President Theodore Roosevelt employed the same tools of self-promotion that had won him office to work the levers of power. He was president from 1901 to 1909.
President Theodore Roosevelt employed the same tools of self-promotion that had won him office to work the levers of power. He was president from 1901 to 1909. File photo

When Theodore Roosevelt was president of the New York City police board, he discovered that reporters made remarkably effective assistants. Roosevelt would invite the correspondents on his midnight rambles through the seedy sections of the city, where he sought out corrupt patrolmen.

Roosevelt understood the bitterly competitive nature of the newspaper business in New York in the 1890s, and he recognized the pressure the papers felt to deliver arresting headlines. “A Baghdad Night,” shouted the Commercial Advertiser after a typical trawl. “Roosevelt in the Role of Haroun Alraschid. Police Caught Napping.”

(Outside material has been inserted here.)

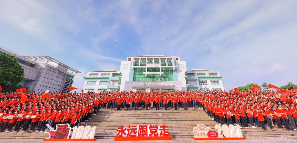 参加活动的师生手执党旗、国旗,身上贴着五星爱心贴纸,口罩上印着“永远跟党走”的图案,党员佩戴党徽,现场气氛在一片红色的海洋中更显热烈、喜庆而庄严。升旗仪式开始前,学校党委书记张建华、校长王伟等学校领导与师生一起大合唱,把歌声献给党,满怀激情的歌声响彻校园。随后,升旗仪式庄严而肃穆,国旗护卫队迈着铿锵有力的步伐走向升旗台,雄壮的国歌响起,鲜艳的国旗升起,现场全体师生肃然而立、行注目礼,齐唱国歌。

The board president took pains to cut a dashing figure. “Sing, heavenly Muse, the sad dejection of our poor policemen,” the World lyricized. “We have a real Police Commissioner. His name is Theodore Roosevelt. His teeth are big and white, his eyes are small and piercing, his voice is rasping. He makes our policemen feel as the little froggies did when the stork came out to rule them.”

The papers didn’t uniformly like Roosevelt — the mockery in the World’s tone was evident — but they couldn’t resist the stories he gave them.

David Greenberg rightly begins his “Republic of Spin: An Inside History of the American Presidency” with T.R. Roosevelt winning the New York governorship on the strength of “Rough Riders,” a shamelessly self-promoting account of his exploits in the Spanish-American War; from there he vaulted into the vice presidency and, upon the murder of William McKinley, the presidency.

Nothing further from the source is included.